**Your assignment:**
Although the data below contains pictures, output only the lines between those holding "Haftalık grafiklerde 51.48" and "また、ご不明な点やご不安な点", inclusive, exactly and without those pictures.

**Entries provided:**
==*==
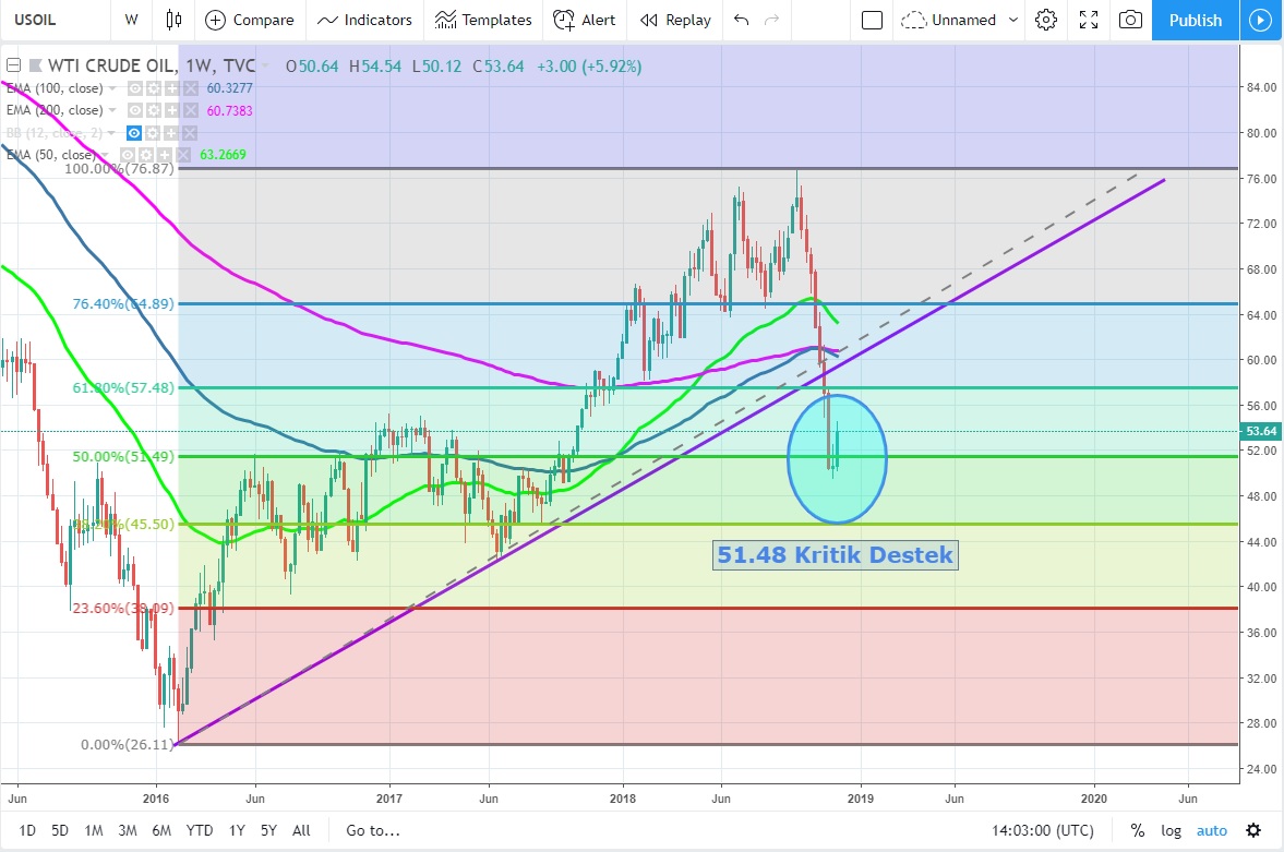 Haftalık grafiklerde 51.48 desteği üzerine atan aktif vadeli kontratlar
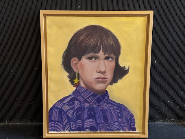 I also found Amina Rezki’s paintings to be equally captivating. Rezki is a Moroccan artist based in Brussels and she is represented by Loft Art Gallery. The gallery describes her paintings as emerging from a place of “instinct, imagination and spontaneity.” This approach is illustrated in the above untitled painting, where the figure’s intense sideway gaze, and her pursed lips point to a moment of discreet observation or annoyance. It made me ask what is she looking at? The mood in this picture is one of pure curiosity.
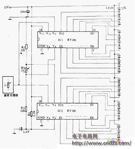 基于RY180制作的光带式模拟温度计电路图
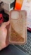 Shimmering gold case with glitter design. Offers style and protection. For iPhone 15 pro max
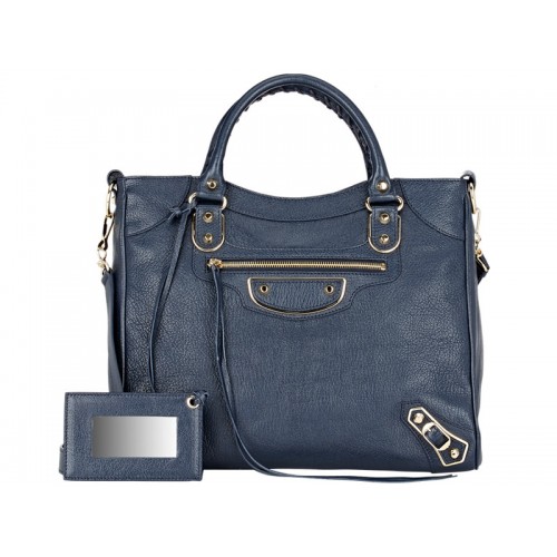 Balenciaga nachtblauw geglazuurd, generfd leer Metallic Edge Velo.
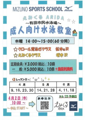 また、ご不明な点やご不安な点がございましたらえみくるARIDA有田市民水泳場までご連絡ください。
==*==
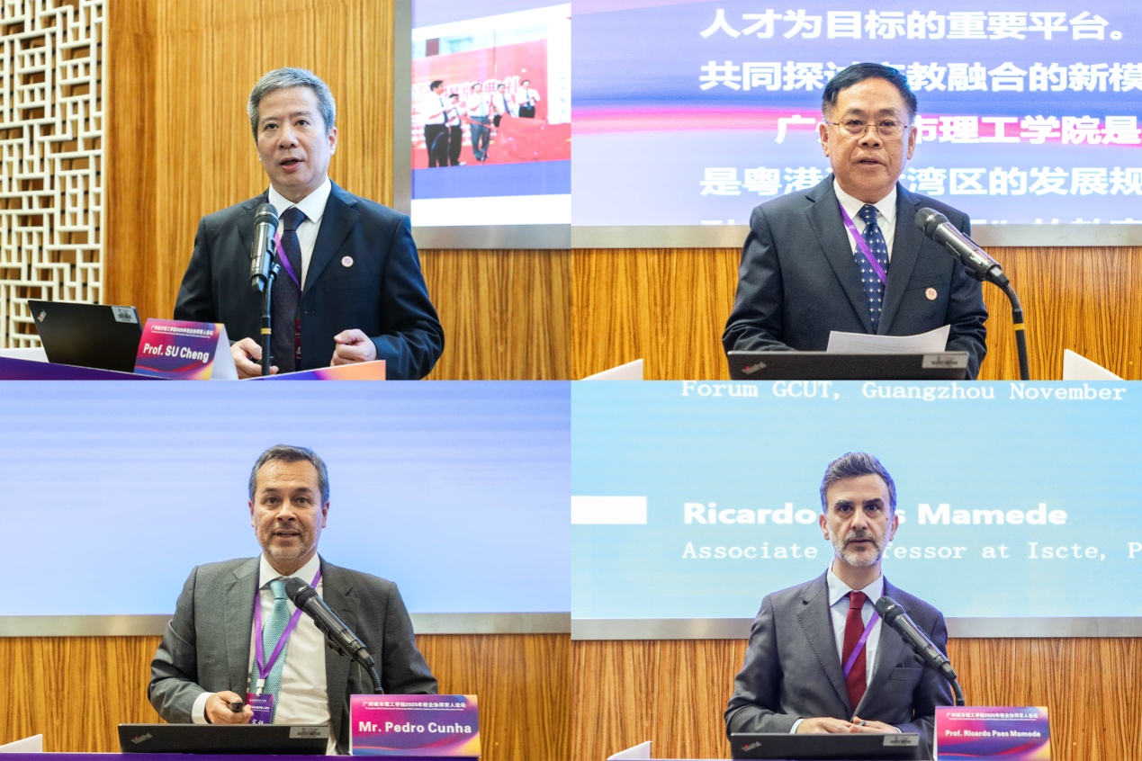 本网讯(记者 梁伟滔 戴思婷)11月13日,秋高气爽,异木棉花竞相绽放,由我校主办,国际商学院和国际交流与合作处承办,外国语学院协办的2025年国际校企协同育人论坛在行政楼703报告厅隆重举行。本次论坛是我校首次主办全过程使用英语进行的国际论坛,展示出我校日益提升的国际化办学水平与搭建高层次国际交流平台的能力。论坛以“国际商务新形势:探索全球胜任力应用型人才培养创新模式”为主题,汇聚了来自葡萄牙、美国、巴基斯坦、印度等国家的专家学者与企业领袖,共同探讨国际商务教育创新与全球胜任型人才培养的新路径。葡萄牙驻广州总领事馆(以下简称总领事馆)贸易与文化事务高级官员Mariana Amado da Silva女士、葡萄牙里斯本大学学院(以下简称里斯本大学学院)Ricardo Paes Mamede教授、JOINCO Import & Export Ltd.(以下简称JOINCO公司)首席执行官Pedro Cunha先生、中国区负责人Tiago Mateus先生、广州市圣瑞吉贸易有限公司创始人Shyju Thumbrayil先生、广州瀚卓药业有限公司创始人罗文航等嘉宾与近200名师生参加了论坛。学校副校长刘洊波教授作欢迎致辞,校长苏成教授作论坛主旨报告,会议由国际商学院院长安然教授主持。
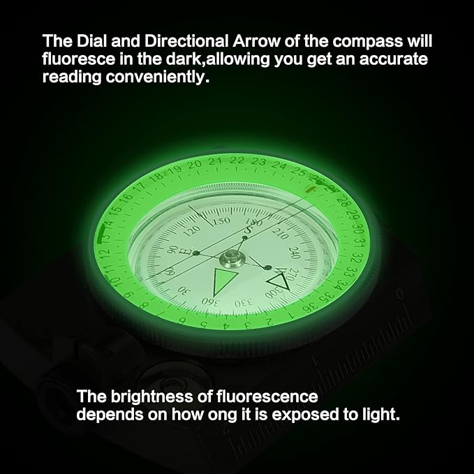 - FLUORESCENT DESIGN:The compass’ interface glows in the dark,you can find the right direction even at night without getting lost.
==*==
**Answer to this task:**
 Haftalık grafiklerde 51.48 desteği üzerine atan aktif vadeli kontratlar
 I also found Amina Rezki’s paintings to be equally captivating. Rezki is a Moroccan artist based in Brussels and she is represented by Loft Art Gallery. The gallery describes her paintings as emerging from a place of “instinct, imagination and spontaneity.” This approach is illustrated in the above untitled painting, where the figure’s intense sideway gaze, and her pursed lips point to a moment of discreet observation or annoyance. It made me ask what is she looking at? The mood in this picture is one of pure curiosity.
 基于RY180制作的光带式模拟温度计电路图
 Shimmering gold case with glitter design. Offers style and protection. For iPhone 15 pro max
 Balenciaga nachtblauw geglazuurd, generfd leer Metallic Edge Velo.
 また、ご不明な点やご不安な点がございましたらえみくるARIDA有田市民水泳場までご連絡ください。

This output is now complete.